# Directions:
Please restate word for word the lines of the entries below from the one with "Лапша Big Bon" to the one with "그 아래로 여러가지 매개변수를", inclusive, and leave out every picture.

# Provided information:
***
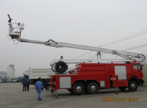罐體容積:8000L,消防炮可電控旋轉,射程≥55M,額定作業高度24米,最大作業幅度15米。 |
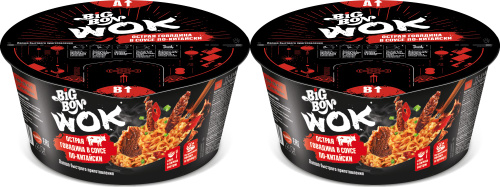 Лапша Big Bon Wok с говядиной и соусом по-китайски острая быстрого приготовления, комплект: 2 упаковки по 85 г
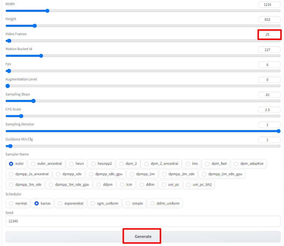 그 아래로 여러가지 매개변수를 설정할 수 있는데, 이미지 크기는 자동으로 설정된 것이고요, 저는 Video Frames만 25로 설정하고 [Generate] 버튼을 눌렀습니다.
***
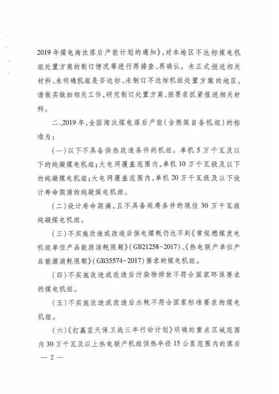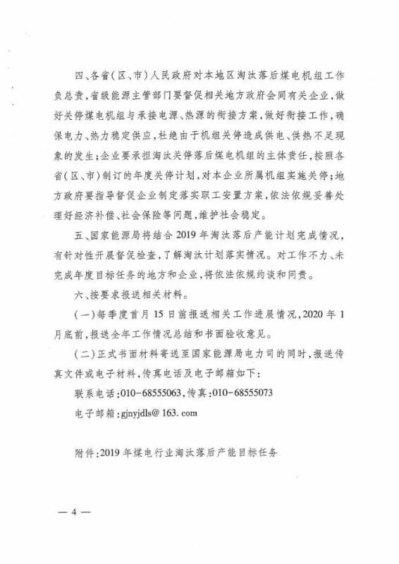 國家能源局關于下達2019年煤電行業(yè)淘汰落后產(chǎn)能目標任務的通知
***
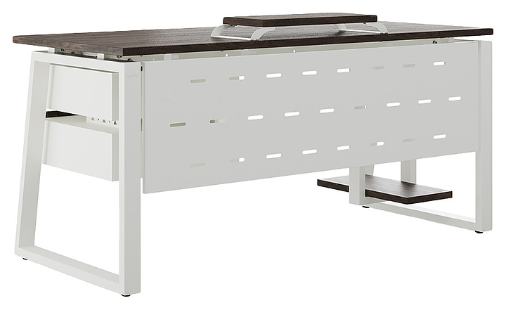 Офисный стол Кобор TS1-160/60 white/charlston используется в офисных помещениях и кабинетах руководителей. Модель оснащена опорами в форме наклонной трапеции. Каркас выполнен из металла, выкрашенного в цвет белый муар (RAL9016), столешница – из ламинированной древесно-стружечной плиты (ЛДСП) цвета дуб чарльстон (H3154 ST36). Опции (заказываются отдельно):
***
# Exercise solution:
 Лапша Big Bon Wok с говядиной и соусом по-китайски острая быстрого приготовления, комплект: 2 упаковки по 85 г
 그 아래로 여러가지 매개변수를 설정할 수 있는데, 이미지 크기는 자동으로 설정된 것이고요, 저는 Video Frames만 25로 설정하고 [Generate] 버튼을 눌렀습니다.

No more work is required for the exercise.